History of SJS: Recurrence risk is higher if exposed to the same drug or trigger.

Complications of Stevens-Johnson Syndrome

If not treated promptly, SJS can lead to severe complications, including:

Infections: Bacterial infections from skin lesions, which may spread to the bloodstream (sepsis).

Organ Damage: Liver, kidneys, and lungs can be affected.

Dehydration and Electrolyte Imbalance: Due to loss of fluids from damaged skin.

Scarring and Disfigurement: Permanent scars on the skin and mucous membranes.

Vision Problems: Severe cases may lead to blindness.

Diagnosis of Stevens-Johnson Syndrome

Medical History and Physical Exam

A detailed history of recent medications or infections is taken, along with a close examination of the rash and mucosal involvement.

Skin Biopsy

A small sample of affected skin is analyzed under a microscope to confirm the diagnosis.

Blood Tests

These may help identify the cause (e.g., infection or drug reaction) and monitor organ function.

Treatment of Stevens-Johnson Syndrome

SJS is treated in a hospital setting, often in an intensive care unit (ICU) or burn unit.

Immediate Steps

Stop the Trigger: Discontinue the suspected medication or treat the underlying infection.

Supportive Care: Includes IV fluids, pain management, and wound care.

Medications

Corticosteroids: Reduce inflammation (controversial in severe cases).

Immune-Modulating Therapies: Intravenous immunoglobulin (IVIG) or cyclosporine.

Antibiotics/Antifungals: If secondary infections develop.

Nutritional Support

Feeding tubes may be required in severe cases where oral intake is difficult due to mucosal involvement.

Prevention of Stevens-Johnson Syndrome

Avoid Known Triggers

Inform healthcare providers about any history of SJS or adverse drug reactions.

Genetic testing may help identify susceptibility (e.g., HLA-B*1502 screening for carbamazepine users in Asia).

Monitor Medication

Take medications as prescribed and avoid self-medication.

Report unusual symptoms, especially during the first few weeks of a new medication.

Stevens-Johnson Syndrome vs.

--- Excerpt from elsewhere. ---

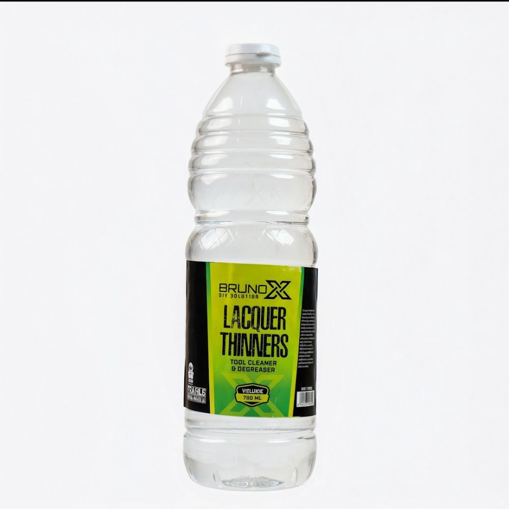 BrunoX Lacquer Thinners 750ml. Multi-purpose lacquer thinner ideal for cleaning tools, thinning lacquer-based paints, and degreasing surfaces. Fast-acting formula ensures smooth finishes and efficient cleaning.

Toxic Epidermal Necrolysis (TEN)

SJS and TEN are part of the same spectrum but differ in severity:

SJS: Affects <10% of the body surface area.

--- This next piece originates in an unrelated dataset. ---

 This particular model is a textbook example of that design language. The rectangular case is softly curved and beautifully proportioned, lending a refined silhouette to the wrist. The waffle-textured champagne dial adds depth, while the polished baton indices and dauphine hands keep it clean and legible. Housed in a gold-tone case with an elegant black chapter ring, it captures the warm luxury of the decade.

TEN: Affects >30% of the body surface area.

Overlap Syndrome: 10–30% of the body surface area involved.

FAQs About Stevens-Johnson Syndrome

1. Is Stevens-Johnson Syndrome fatal?
SJS can be life-threatening if untreated, with a mortality rate of 5–10%. Prompt medical care reduces risks.

2. Can SJS recur?
Yes, if exposed to the same trigger. Avoiding triggers is crucial.

3. How long does recovery take?
Recovery may take weeks to months, depending on severity and complications.

4. Are there long-term effects of SJS?
Long-term issues may include scarring, chronic pain, vision loss, or psychological distress.

Conclusion

Stevens-Johnson Syndrome is a rare yet severe condition that requires prompt diagnosis and medical care. Identifying the trigger and providing supportive treatment are key to improving outcomes. If you or someone you know develops unusual skin symptoms after taking medication or an infection, seek medical attention immediately.